Badan Pengelola Investasi Daya Anagata Nusantara membantah isu yang menyebutkan adanya kewajiban bagi masyarakat pemilik dana besar atau kaya untuk membeli surat utang Patriot Bond dan Merah Putih Bond pada Jumat (5/6/2026).
Pernyataan tersebut dikeluarkan guna menanggapi kabar burung mengenai pemilik tabungan di atas Rp 3 miliar yang diwajibkan membeli produk obligasi Danantara tersebut, sebagaimana dilansir dari Suara.
Chief Operating Officer Danantara Dony Oskaria meluruskan bahwa instrumen surat utang yang diterbitkan instansinya merupakan produk investasi bagi masyarakat maupun investor yang berminat membantu pembiayaan pembangunan nasional secara sukarela.
"Tidak benar informasi tersebut. Isu itu hoax. Tidak ada rencana pemerintah mewajibkan masyarakat Indonesia yang memiliki tabungan di atas Rp 3 miliar untuk membeli Patriot Bond maupun Merah Putih Bond," ujar Dony Oskaria, Chief Operating Officer Danantara.
Pihaknya memastikan bahwa seluruh kebijakan investasi dijalankan secara transparan, akuntabel, serta tetap menghormati hak masyarakat dalam menentukan keputusan investasi mereka.

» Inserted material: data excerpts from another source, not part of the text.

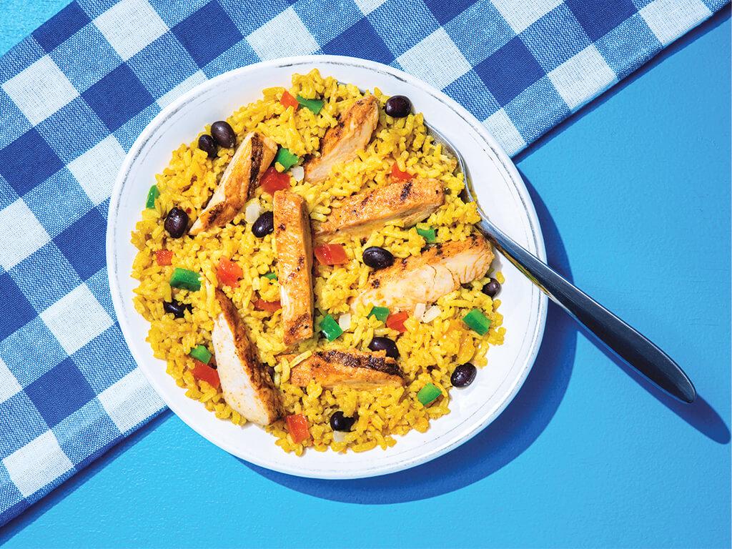 In skillet with chicken and bean mixture, stir in cooked rice until combined. Mix is cheese, stirring until melted. Serve warm.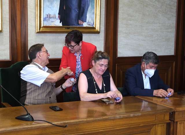 El acto se cerró con una sorpresa: la imposición de insignias del Centro de Estudios Bejaranos -consistente en el logotipo clásico del roble con la filacteria en la que se puede leer A vetustate robur («cual roble viejo y fuerte» o «la fortaleza desde la experiencia») en plata-, al primer presidente del CEB, Manuel Antonio Marcos Casquero, y a los alcaldes presentes en el acto, Antonio Cámara López, Alejo Riñones Rico, Cipriano González Hernández y Mª Elena Martín Vázquez, por su apoyo a la institución cultural bejarana durante los años de su alcaldía. Con este pequeño broche final, se cerró el acto institucional del Centro de Estudios Bejaranos.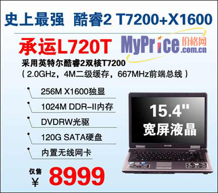 最为强劲的Intel酷睿2代Merom处理器T7200,X1600高端独显、超大内存、硬盘以及仅9K的售价,神舟在主打双核上依旧保持强势,而L720T的豪华配置对于很多采用T7200是一个非常大的威胁。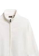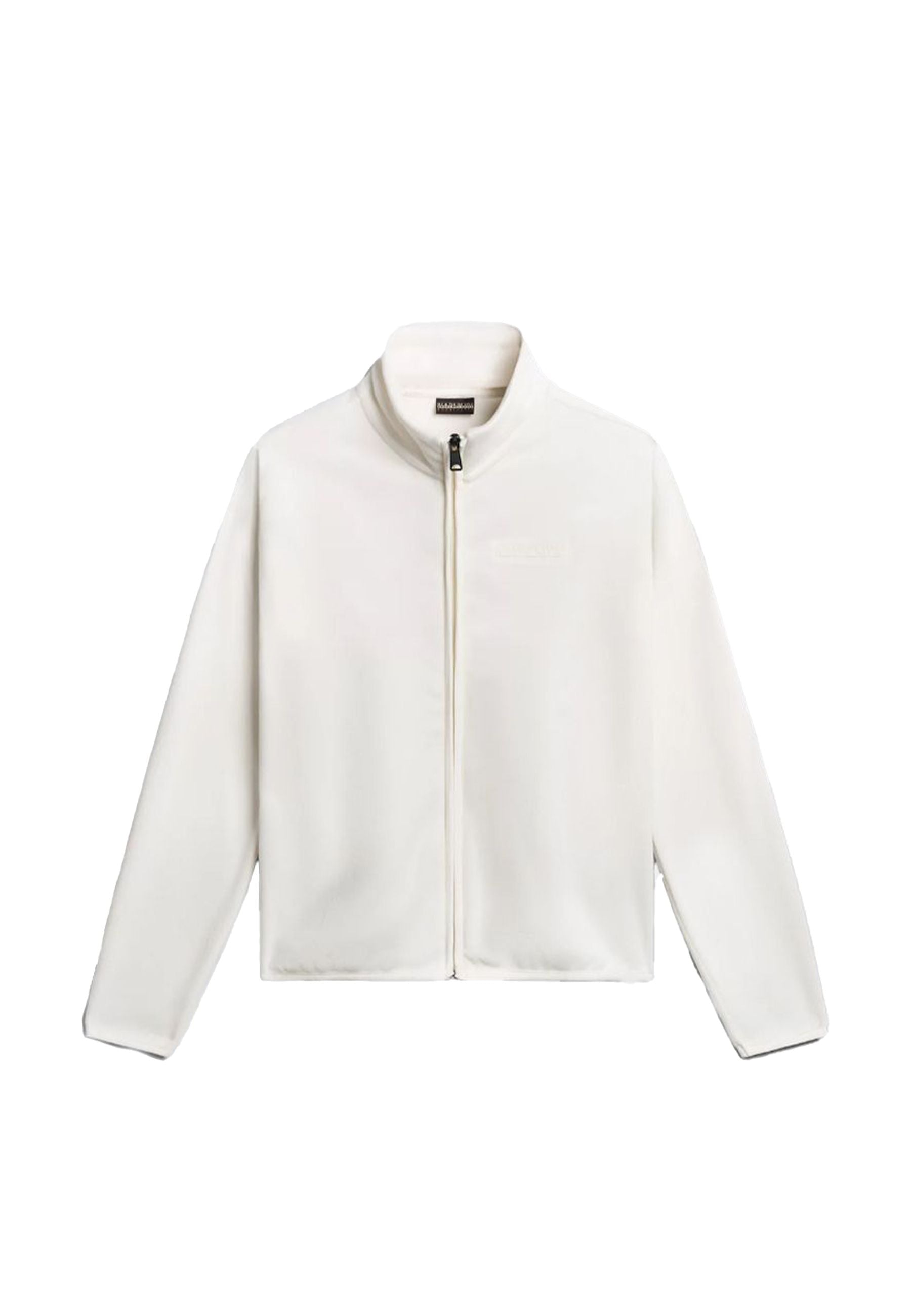 Warme und umhüllende Fleecejacke mit hohem Kragen. Durchgehender Reißverschluss und Gummizug an Bündchen und Saum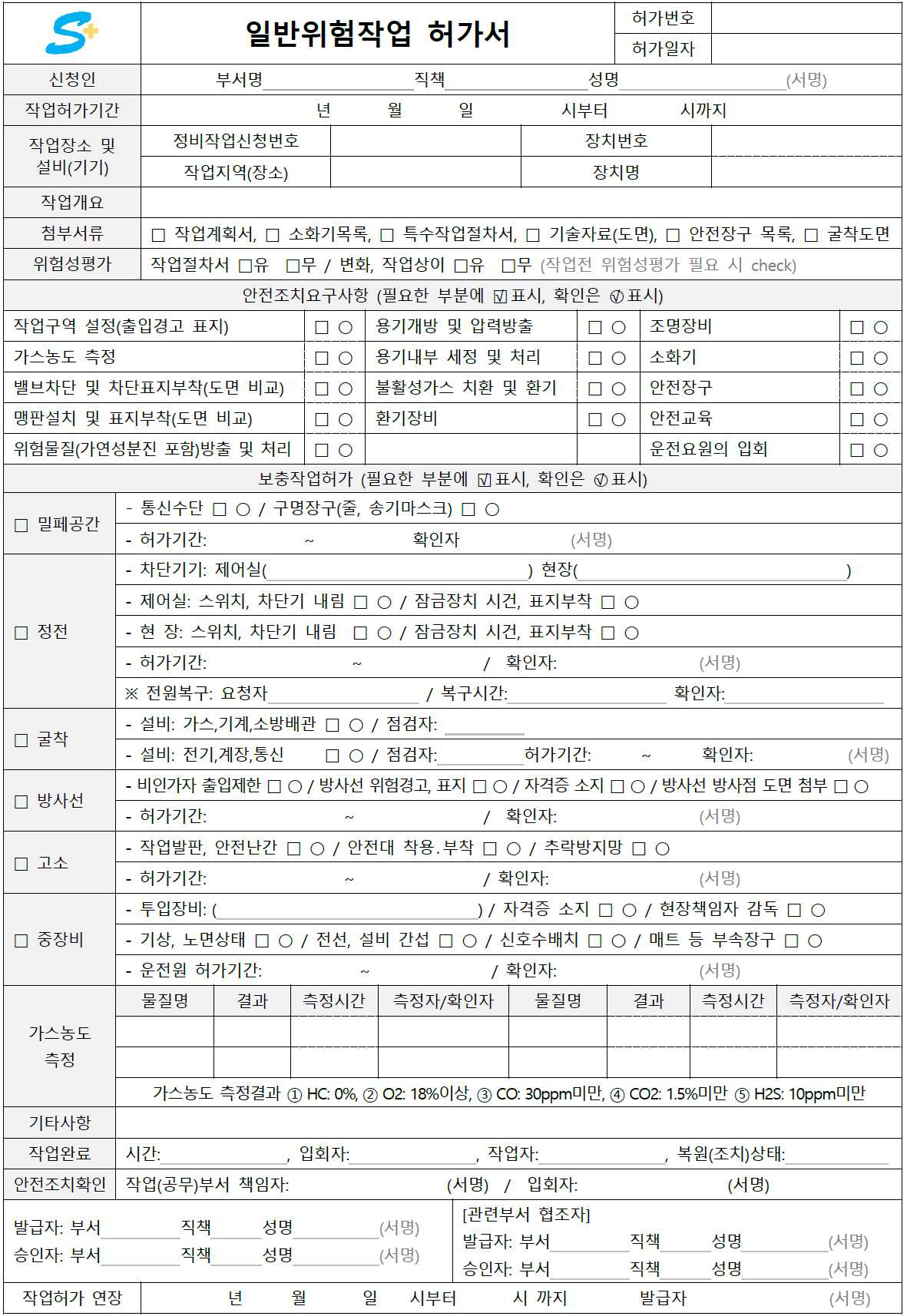 | 2. 일반위험작업허가 | 화기작업 이외의 모든 위험한 작업을 수행할 경우 | |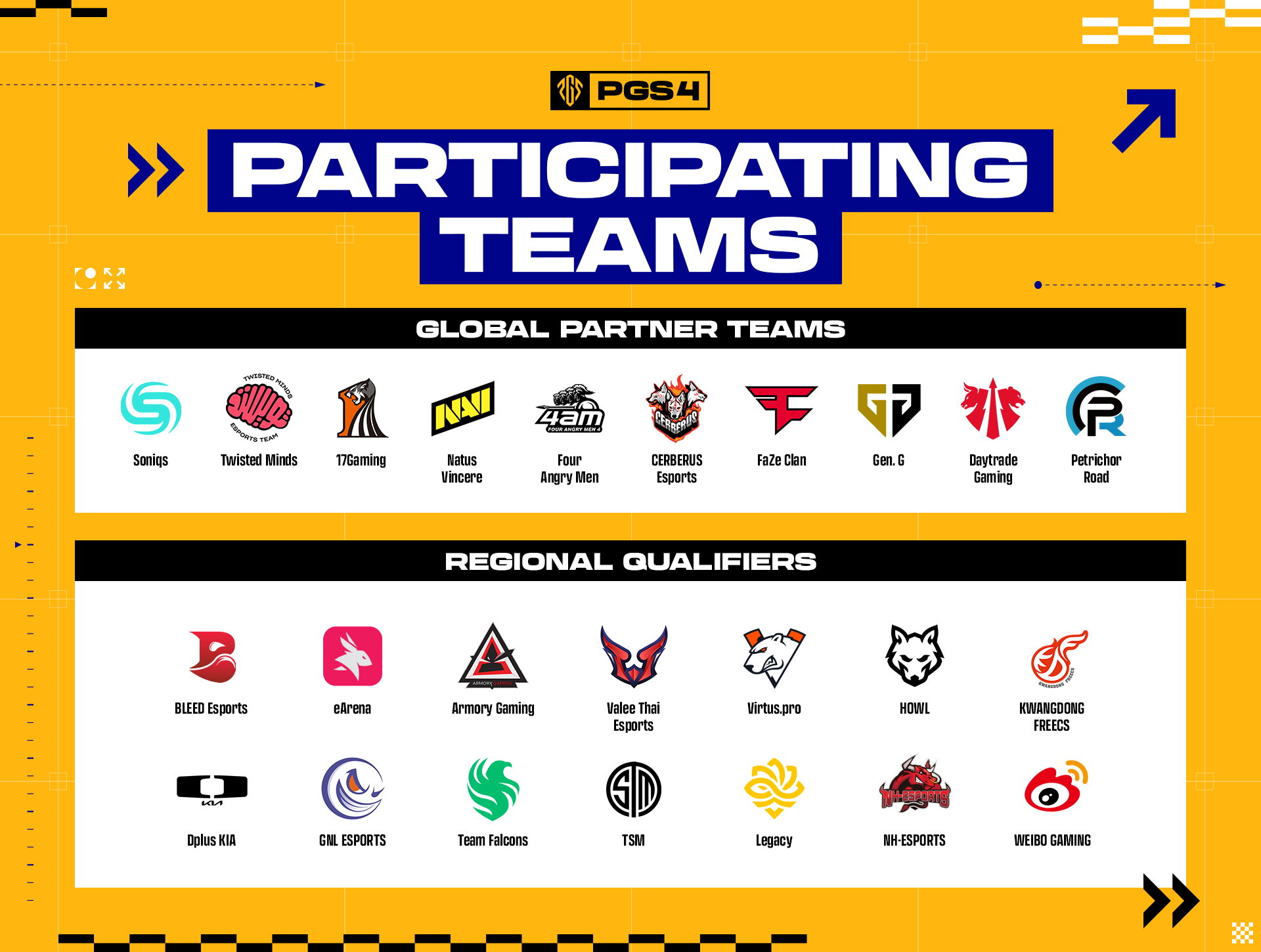A mix of 10 Global Partner teams and 14 top teams from the previous tournament will advance into the PGS 4 tournament. The full list of participating teams are:

"Pemerintah dan Danantara berkomitmen menjalankan seluruh kebijakan investasi sesuai prinsip transparansi, tata kelola yang baik, serta menghormati hak masyarakat dalam mengambil keputusan investasi. Oleh karena itu, informasi yang menyebut adanya kewajiban pembelian bagi kelompok masyarakat tertentu tidak benar dan tidak memiliki dasar," imbuh Dony Oskaria, Chief Operating Officer Danantara.
Isu mengenai kewajiban investasi bagi kelompok masyarakat tertentu ini mencuat setelah DPR RI mengesahkan revisi Undang-Undang Nomor 4 Tahun 2023 tentang Pengembangan dan Penguatan Sektor Keuangan menjadi undang-undang.
Regulasi terbaru tersebut memberikan wewenang kepada Badan Pengelola Investasi Daya Anagata Nusantara untuk merilis surat utang khusus demi memperkokoh mobilisasi modal nasional di tengah situasi ketidakpastian global.
Menteri Keuangan Purbaya Yudhi Sadewa menyangkal rumor kewajiban bagi Warga Negara Indonesia pemilik Surat Pemberitahuan Tahunan dengan nilai aset di atas Rp 3 miliar, namun ia mengonfirmasi adanya insentif khusus bagi para partisipan pembeli obligasi Danantara.